What I realized was that even though I have to write alone, I am never alone with my ideas. When I was writing my dissertation, I regularly called up friends and colleagues to discuss my ideas with them. My car turned into a space of intellectual production, as my dissertation-writing bestie and I talked out all of our ideas on long drives. We exchanged rough chapter drafts ; we proofread each other’s work for grammar and as a way to flesh out ideas. We wrote in solidarity with each other, setting timers and checking in with each other to see what we had written that day. We encouraged each other, cheering each other on as we struggled to understand and express difficult ideas.
Even an introvert, I need to strive to make writing more of a social activity. Though I may have to work alone, I can still share ideas with other people and receive helpful feedback from them.
Here's what I'm doing to try and make my writing more social:
- Blogging. A blog post on the Internet has a much wider reach than an academic article. People sometimes read and comment on my blog, so that it’s more like having a conversation with people than a solitary effort. I learn a lot from other people’s ideas and comments on the blog, tweets, and Facebook. I might write a few posts about my research article in progress and update people on how I'm doing with the writing and hammering out ideas.

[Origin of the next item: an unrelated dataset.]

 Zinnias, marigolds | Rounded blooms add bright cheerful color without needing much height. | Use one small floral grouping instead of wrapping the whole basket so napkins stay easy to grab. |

- Tweeting. Twitter is my social network of choice. I follow and am followed by a whole bunch of writing people: novelists, bloggers, dissertators, and the occasional poet. I’ve found it really helpful to talk about writing on Twitter (using the hashtag #acwri, #amwriting, or #writingpact). People discuss their writing projects, progress, and problems, all through 140 character messages. I’ve received writing encouragement from total strangers and do my best to cheer on anyone who seems to be struggling through a particular writing problem. I’m considering hosting a Twitter chat about academic writing (#acwrichat), which I think would help all kinds of people talk about their writing.
- I’m hesitant to share my early drafts with a wide online audience, but I’m considering trying to get some more article writers together to work through Belcher’s book with me. A lot of my graduate cohorts are in the early stages of academic careers and need to get some articles published. I’m thinking about creating a Facebook group for article writers, where we could share ideas and help each other.

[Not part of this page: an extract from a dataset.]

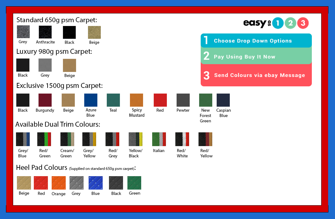 - Supplied in a black carpet with a black heel pad (standard 650g psm carpet only) unless stated differently at the checkout

- In the future, I’d like to co-author an article with a fellow historian and break the stereotype of the lone historian. I think it would be particularly fun to co-write with someone whose area of expertise is outside Latin America.
- I’m stepping up my networking efforts. Networking is particularly difficult for me, but I’m always amazed how willing people are to help when I get brave enough to ask. I’m setting little networking goals for myself: emailing a scholar I don’t know, reconnecting with a colleague I haven’t seen for a long time. I’m also going to the American Historical Association meeting this year, despite the fact that I no longer have an institutional affiliation and am not even presenting a paper. I’ve got a much better idea of how to make the most out of conferences and am actually excited to go.
Finally, I’ve pinned a note above my desk with a sage piece of Belcher’s wisdom: “Without Community, writing is inconceivable.”
What are you writing? Let’s talk about it!